▶ _PROBLEM STATEMENT_
In the entries that follow, find the line containing "接着来到制动系统的部分,HAYABUSA 采用一对 Brembo" and the line containing "再根据LLaMA的架构(hidden_size = 4096, intermediate_size", then retype exactly the lines from the first through the second, pictures excluded.

▶ _DATA PROVIDED_

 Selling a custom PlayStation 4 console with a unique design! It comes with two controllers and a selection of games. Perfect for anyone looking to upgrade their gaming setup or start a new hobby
---
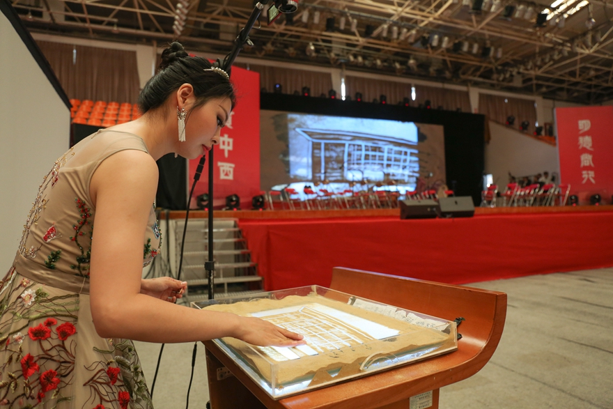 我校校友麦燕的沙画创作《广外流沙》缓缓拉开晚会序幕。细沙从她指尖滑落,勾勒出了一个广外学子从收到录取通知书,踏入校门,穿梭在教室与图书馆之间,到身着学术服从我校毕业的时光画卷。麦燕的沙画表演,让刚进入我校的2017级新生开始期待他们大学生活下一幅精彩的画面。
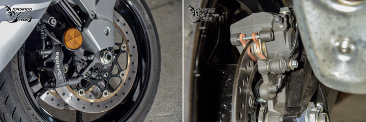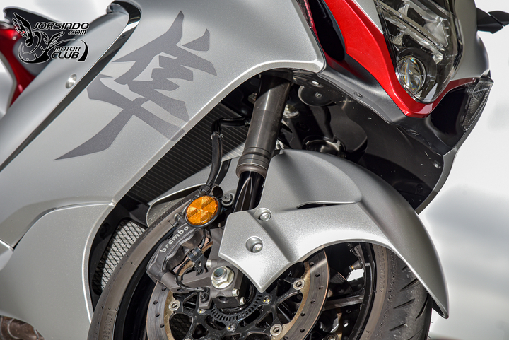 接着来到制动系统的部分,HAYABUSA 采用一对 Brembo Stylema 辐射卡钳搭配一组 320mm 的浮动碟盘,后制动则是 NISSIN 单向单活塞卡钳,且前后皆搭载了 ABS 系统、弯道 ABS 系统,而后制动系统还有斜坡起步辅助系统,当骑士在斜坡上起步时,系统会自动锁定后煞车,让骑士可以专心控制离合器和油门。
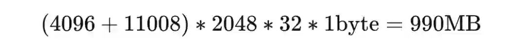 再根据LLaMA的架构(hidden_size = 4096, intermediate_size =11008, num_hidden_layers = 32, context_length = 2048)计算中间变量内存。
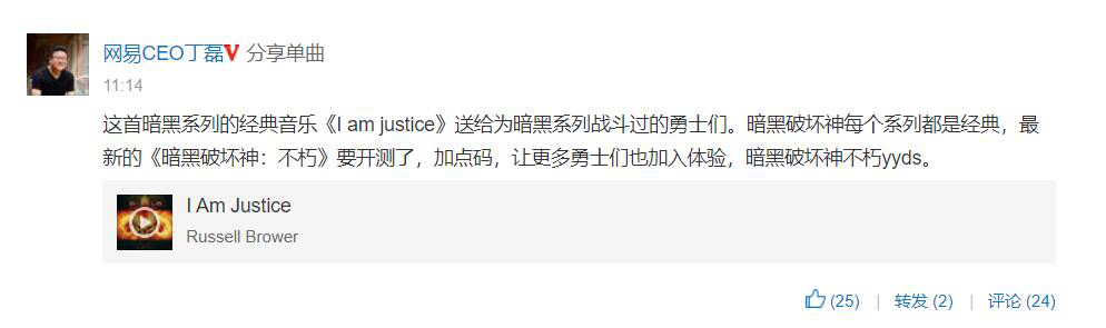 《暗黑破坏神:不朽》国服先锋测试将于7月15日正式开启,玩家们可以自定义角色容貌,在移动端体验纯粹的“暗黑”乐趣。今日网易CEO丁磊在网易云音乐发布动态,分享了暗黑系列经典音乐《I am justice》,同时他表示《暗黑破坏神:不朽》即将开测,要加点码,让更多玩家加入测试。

▶ _ANSWER SECTION_
 接着来到制动系统的部分,HAYABUSA 采用一对 Brembo Stylema 辐射卡钳搭配一组 320mm 的浮动碟盘,后制动则是 NISSIN 单向单活塞卡钳,且前后皆搭载了 ABS 系统、弯道 ABS 系统,而后制动系统还有斜坡起步辅助系统,当骑士在斜坡上起步时,系统会自动锁定后煞车,让骑士可以专心控制离合器和油门。
 再根据LLaMA的架构(hidden_size = 4096, intermediate_size =11008, num_hidden_layers = 32, context_length = 2048)计算中间变量内存。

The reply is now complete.